A few hundred people demonstrated Friday calm against price rises in Tunisia, after several days of clashes fueled by a social grump against the austerity budget, near the seventh anniversary of the revolution.
Friday night was calm after night clashes in recent days in several cities between young people and police. These troubles are fueled by persistent unemployment despite growth, and tax increases nibbling at a purchasing power already experienced by significant inflation.
Traditional social mobilization on the eve of the seventh anniversary of the fall of dictator Zine el Abidine Ben Ali on January 14, 2011, ousted by a revolution calling for work and dignity, has been particularly explosive this year, resulting mainly in riots.
But Friday, about 200 demonstrators marched in the rain in the center of Tunis, and launched a “yellow card” to the government at the call of the movement “Fech Nestannew” (“What is expected”), initiator at the beginning of the year of the protest against rising prices.
In the city of Sfax (center), nearly 200 people demonstrated under surveillance, holding placards reading “the money of the people is in the palaces, and the children of the people in the prisons”, has found a correspondent of AFP.
Nearly 780 people have been arrested since Monday, the Interior Ministry said, while Amnesty International has called the police for restraint.
According to ministry spokesman Khlifa Chibani, 151 people involved in violence were arrested Thursday, bringing the total arrests to 778 in five days.
– ‘Limited hits’ –
“We believe that a dialogue is still possible and reforms are still possible.The yellow card is to say + attention +: It is time today to tackle the real problems: the economic crisis, the high cost of life, etc … These same claims we have been dragging for years, “told AFP Henda Chennaoui, a Fech Nestannew manager.
The government, which has communicated little in recent days, swept these claims in a statement on Friday.

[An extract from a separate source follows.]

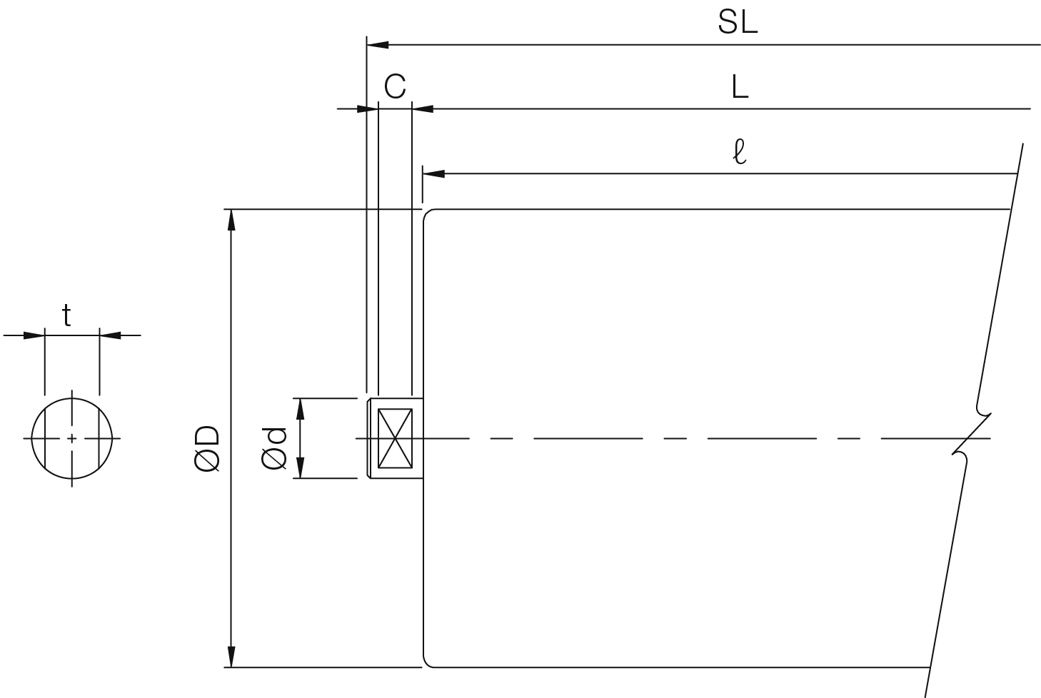 Model | BW | ØD | ℓ | L | SL | C | t | Ød | Bearing No. |

“There are no demonstrations but thugs, who are between 17 and 21 years so they are not affected by the impact of the finance law,” said the spokesman of Prime Minister Mofdi Mseddi. “It is a finance law that maintains direct subsidies to the poor and middle population and reinforces employment policies for young graduates and the unemployed”.
President Béji Caïd Essebsi and Prime Minister Youssef Chahed discussed on Friday “steps that will be taken in the coming days to improve purchasing power,” said the presidency on its Facebook site.
For the political scientist Hamza Meddeb, the particularly explosive mobilization is explained by a “very strong social anger”, several waves of protest resulting in no concrete improvement, and a “political class increasingly cut off from the population”.
– UN ‘worried’ –
Amnesty called on security forces to “not use excessive force” and “stop their intimidation of peaceful protesters”.
A protester died in unclear circumstances during the clashes on Monday night in Tebourba, 30 km from Tunis.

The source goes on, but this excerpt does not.